The hospice care market is strong nationally with an industry value over $27 billion and a growth rate of 5.4% annually. New Hampshire’s broader home care sector is expected to reach $568 million by 2025, fueled by stable revenue from Medicare, Medicaid, and private insurance. This makes well-run New Hampshire hospice practices attractive to buyers looking for stable and growing opportunities.

What is the ’36-Month Rule’ and how does it affect selling a hospice practice in New Hampshire?

The 36-Month Rule is a federal regulation from CMS that prohibits a change in majority ownership of a hospice practice for three years after its initial Medicare enrollment or its last change of ownership. This rule impacts the timing of the sale and limits the pool of eligible buyers, so it is critical for sellers to consider this when planning their exit.

What state-specific regulations must I comply with to sell my hospice practice in New Hampshire?

Your practice must have a valid license from the New Hampshire Department of Health and Human Services (DHHS) and comply with regulations such as He-P 823 and RSA 151. Buyers will carefully review your compliance history, so maintaining good standing with state licensing is essential for a successful sale.

How is the value of a hospice care practice determined in New Hampshire?

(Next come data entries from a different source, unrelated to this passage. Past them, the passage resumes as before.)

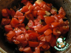 Нарежьте крупными кубиками помидоры. Или дольки пополам. Когда баклажаны немного поджарятся, положите туда помидоры. Пусть тушатся.
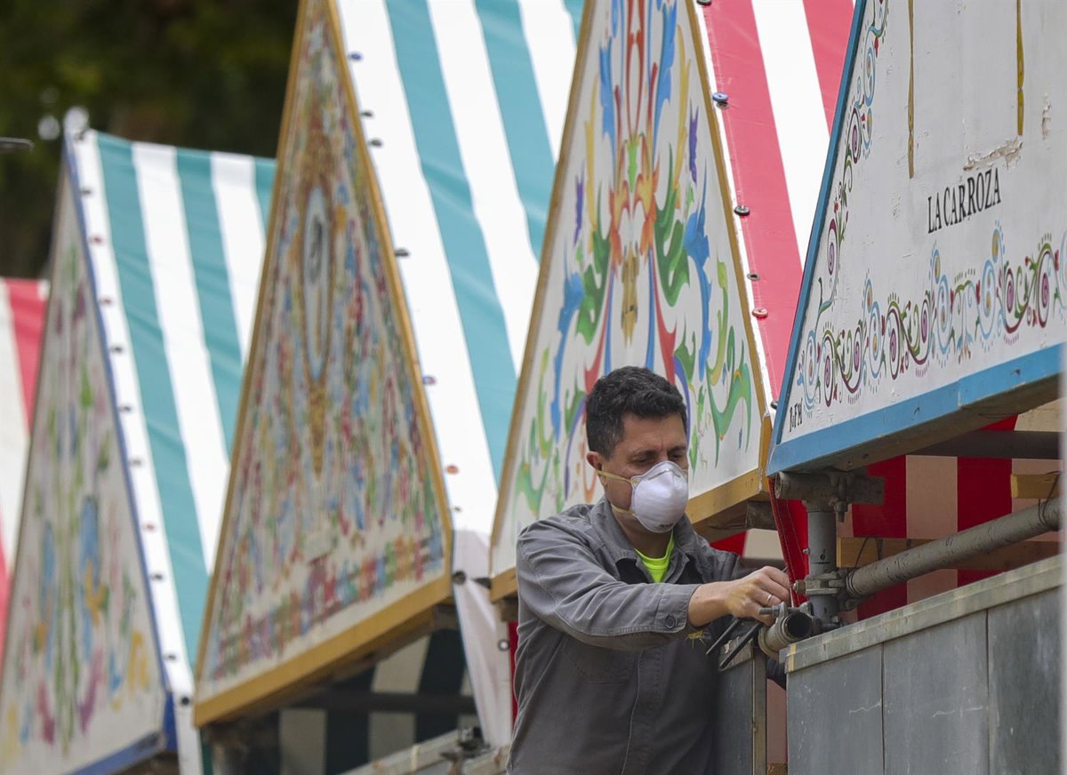 Archivo - Un operario trabaja en la instalación de una caseta de la Feria de Abril, en foto de archivo. - María José López - Europa Press - Archivo
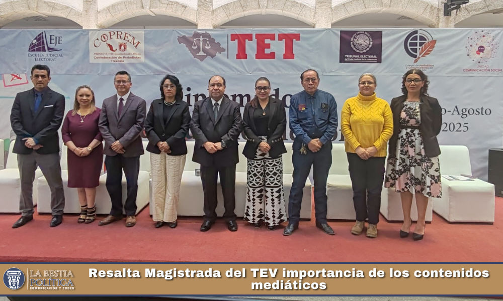 Los contenidos mediáticos pueden contribuir a un cambio, como es el caso del empoderamiento de las mujeres, señaló la Magistrada del Tribunal Electoral de Veracruz (TEV), Tania Celina Vásquez Muñoz, durante la Conferencia Magistral “Hacia una comunicación igualitaria: políticas de género en los contenidos mediáticos”, con la que se iniciaron las actividades del diplomado en Periodismo Electoral, impulsado por el Tribunal Electoral de Tlaxcala (TET), la Confederación de Periodistas de México (Coprem) en Tlaxcala, y el Colegio de Periodistas y Comunicadores de Tlaxcala.
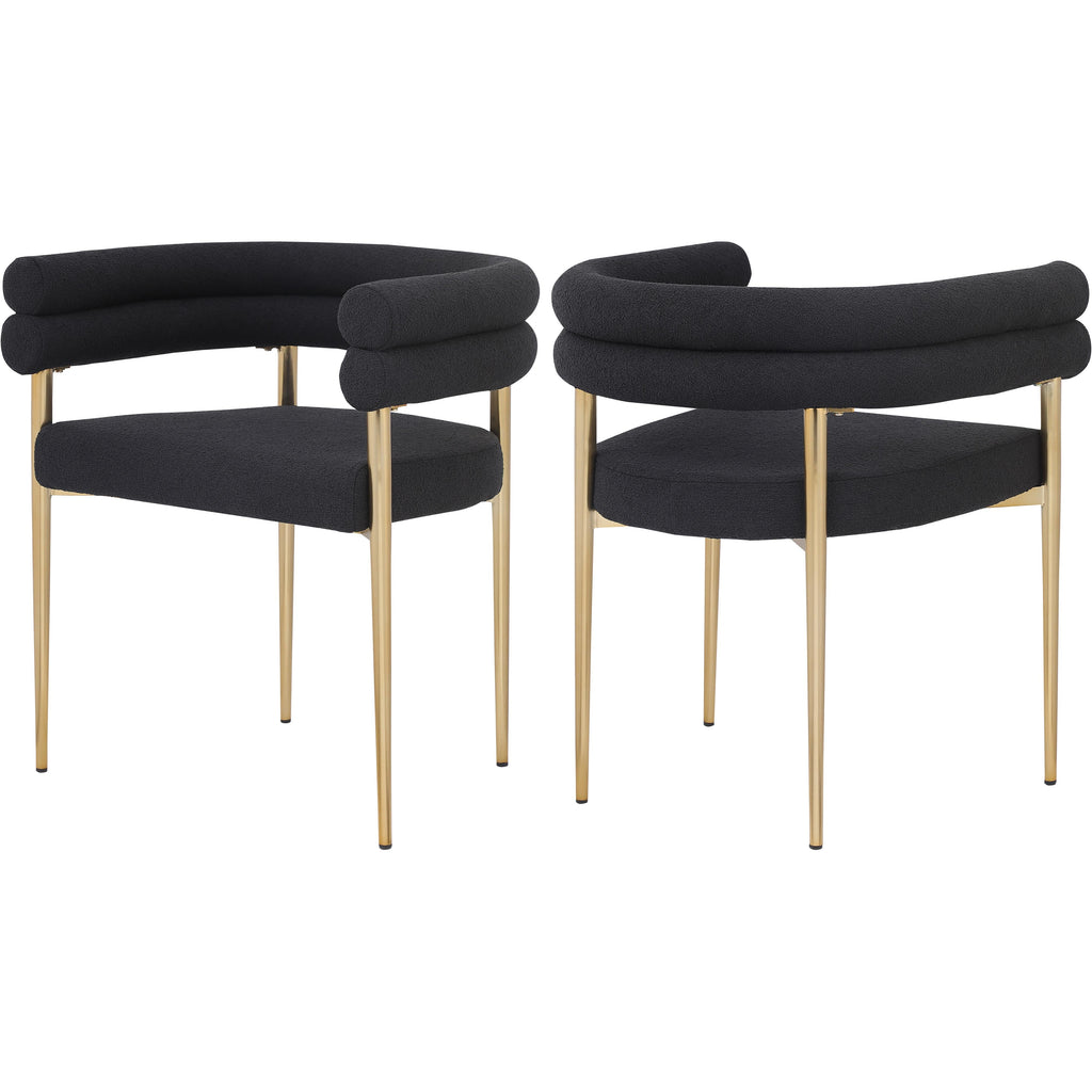 Bring boldness to your dining area with this Brielle dining chair from Meridian Furniture. Its curved, brushed gold metal frame provides support for its rich black boucle seat and backrest, giving it contrasting colors as well as offering a comfortable place for you to sit. Crafted out of iron and foam and upholstered with boucle fabric, this stunning dining chair is both sturdy and durable, making it a staple in your home for years to come.
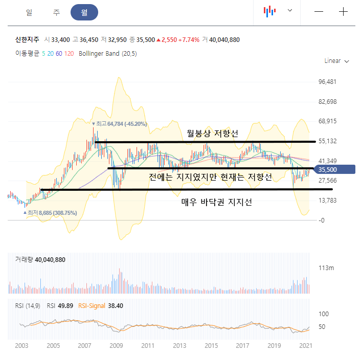 제가 많은 지주사들 중에서 신한지주를 뽑은 이유는 월봉차트가 이쁘기 때문인데요. 현재 지지/저항선을 그어봤을때 크게 3가지 선이 나오게 됩니다.

Valuation focuses on Adjusted EBITDA (Earnings Before Interest, Taxes, Depreciation, and Amortization), adjusted for owner-related expenses. Operational strengths like average daily census, referral source diversity, payer contracts, and the stability of the clinical team are also evaluated. A professional valuation combines these financial and operational metrics to establish the practice’s true market value.

What should I consider for life after the sale of my hospice practice?

Planning for life after the sale includes ensuring a smooth transition of care by retaining key staff and referral relationships, protecting the legacy of compassionate care you built, and structuring your proceeds in a tax-efficient way. Negotiations may include your role in the transition and options like earnouts or equity rollovers to optimize your financial outcomes.